▶ YOUR TASK: The answer must be the full data, restated word for word, with no pictures in it.

▶ DATASET SECTION:
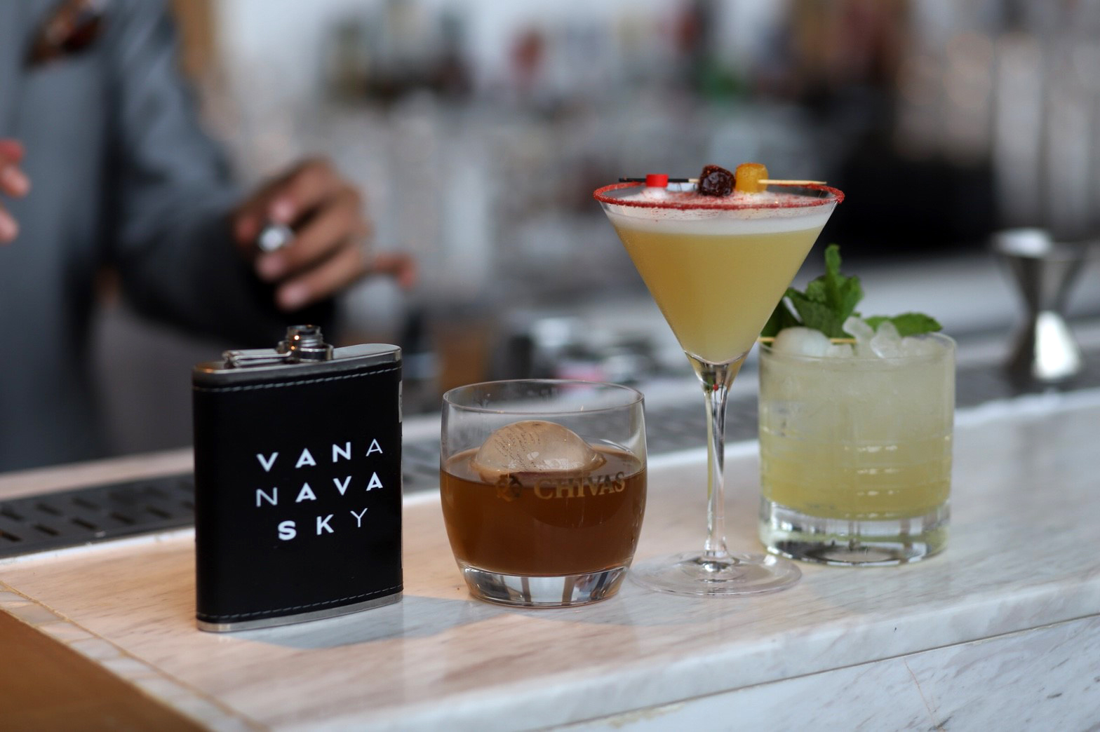 ไม่ใช่เพียงแค่ความสวยงามให้ได้เพลิดเพลินกันเท่านั้น เพราะที่นี่ยังมีโจเซฟ โบโรสกี้ Celebrity Mixologist ชื่อดังระดับโลกด้านการออกแบบเครื่องดื่ม ที่มีฝีมือและไอเดียการครีเอทค็อกเทลโดดเด่น แปลกใหม่ไม่เหมือนใครมาช่วยสร้างสรรค์เครื่องดื่มรวมถึง Signature Drink ร่วมกับทีม Mixologist ของวานา นาวา สกาย อีกด้วย โดยจะเน้นค็อกเทลรสชาติสดชื่น เลือกใช้วัตถุดิบที่เป็นผลไม้สดตามฤดูกาลและท้องถิ่น สมุนไพร และดอกไม้ เพื่อเพิ่มมิติให้ค็อกเทลมีรสชาติ และมีกลิ่นอายของทะเล รวมถึงความโดดเด่นของศาสตร์และศิลป์ โดยนำเสนอผ่านค็อกเทลใน 4 รูปแบบได้แก่ CLOUDS, TROPICAL, SOLID และ EASY ให้เลือกมากกว่า 20 เมนู ซึ่งแต่ละแบบจะมีเอกลักษณ์ สีสัน และความสวยงามที่แตกต่างกันออกไป
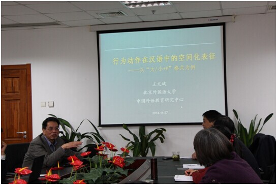 北京外国语大学王文斌教授应邀来Cool18 讲学2014-11-282014年11月27日下午,北京外国语大学中国外语教育研究中心主任、博士生导师王文斌教授应Cool18 的邀请,在后主楼1020做了题为“行为动作在汉语中的空间化表... -
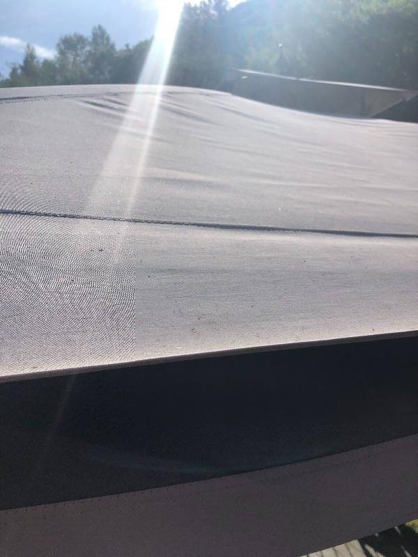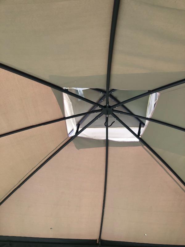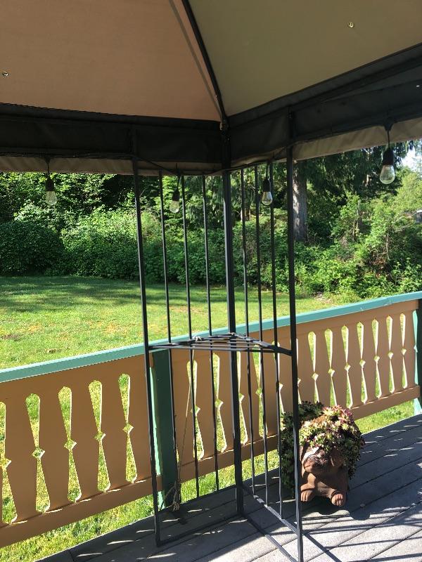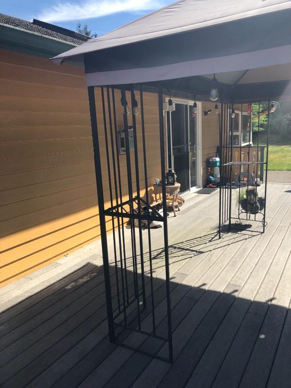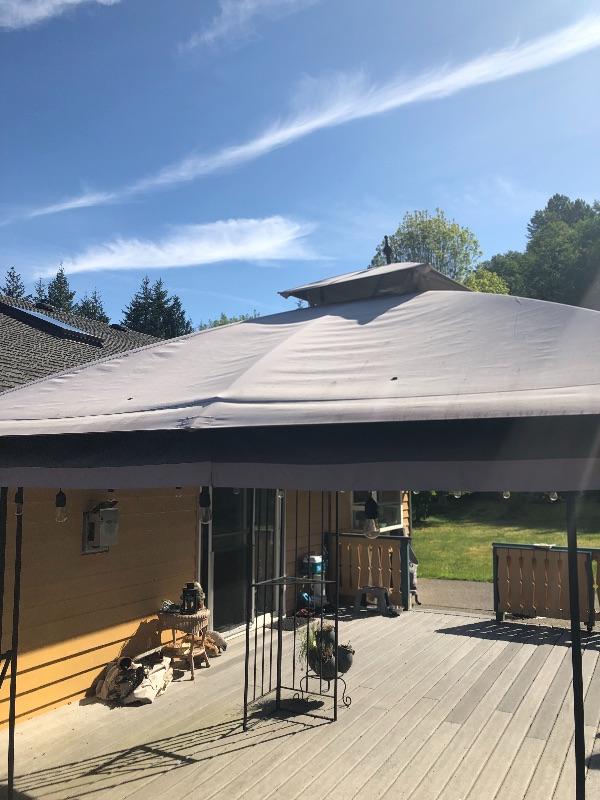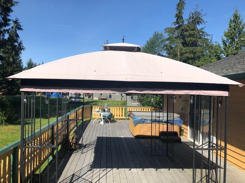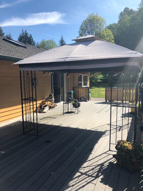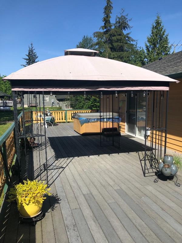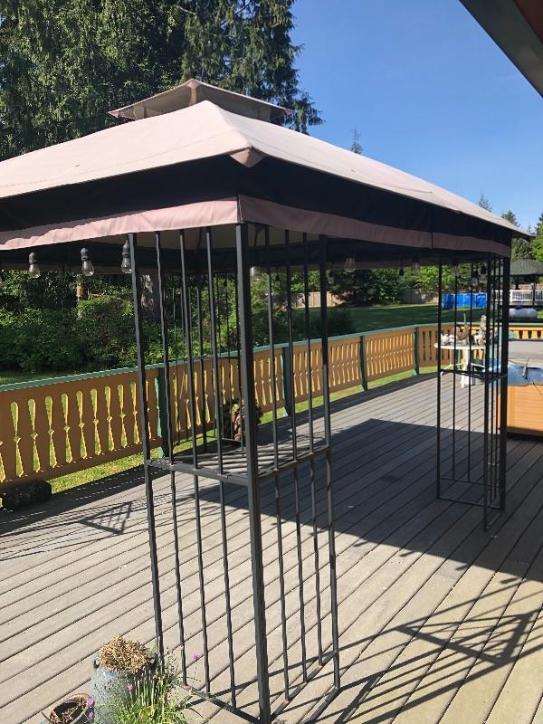 117 x 115 x 115 Tall. Large outdoor patio gazebo with lighting that goes the entire perimeter of the gazebo. Shelving on each corner of metal stands. Some fading but canvas has no rips. Must unbolt from deck and take apart when you come for pick up.

▶ RESULT OF THIS TASK:
 ไม่ใช่เพียงแค่ความสวยงามให้ได้เพลิดเพลินกันเท่านั้น เพราะที่นี่ยังมีโจเซฟ โบโรสกี้ Celebrity Mixologist ชื่อดังระดับโลกด้านการออกแบบเครื่องดื่ม ที่มีฝีมือและไอเดียการครีเอทค็อกเทลโดดเด่น แปลกใหม่ไม่เหมือนใครมาช่วยสร้างสรรค์เครื่องดื่มรวมถึง Signature Drink ร่วมกับทีม Mixologist ของวานา นาวา สกาย อีกด้วย โดยจะเน้นค็อกเทลรสชาติสดชื่น เลือกใช้วัตถุดิบที่เป็นผลไม้สดตามฤดูกาลและท้องถิ่น สมุนไพร และดอกไม้ เพื่อเพิ่มมิติให้ค็อกเทลมีรสชาติ และมีกลิ่นอายของทะเล รวมถึงความโดดเด่นของศาสตร์และศิลป์ โดยนำเสนอผ่านค็อกเทลใน 4 รูปแบบได้แก่ CLOUDS, TROPICAL, SOLID และ EASY ให้เลือกมากกว่า 20 เมนู ซึ่งแต่ละแบบจะมีเอกลักษณ์ สีสัน และความสวยงามที่แตกต่างกันออกไป
 北京外国语大学王文斌教授应邀来Cool18 讲学2014-11-282014年11月27日下午,北京外国语大学中国外语教育研究中心主任、博士生导师王文斌教授应Cool18 的邀请,在后主楼1020做了题为“行为动作在汉语中的空间化表... -
 117 x 115 x 115 Tall. Large outdoor patio gazebo with lighting that goes the entire perimeter of the gazebo. Shelving on each corner of metal stands. Some fading but canvas has no rips. Must unbolt from deck and take apart when you come for pick up.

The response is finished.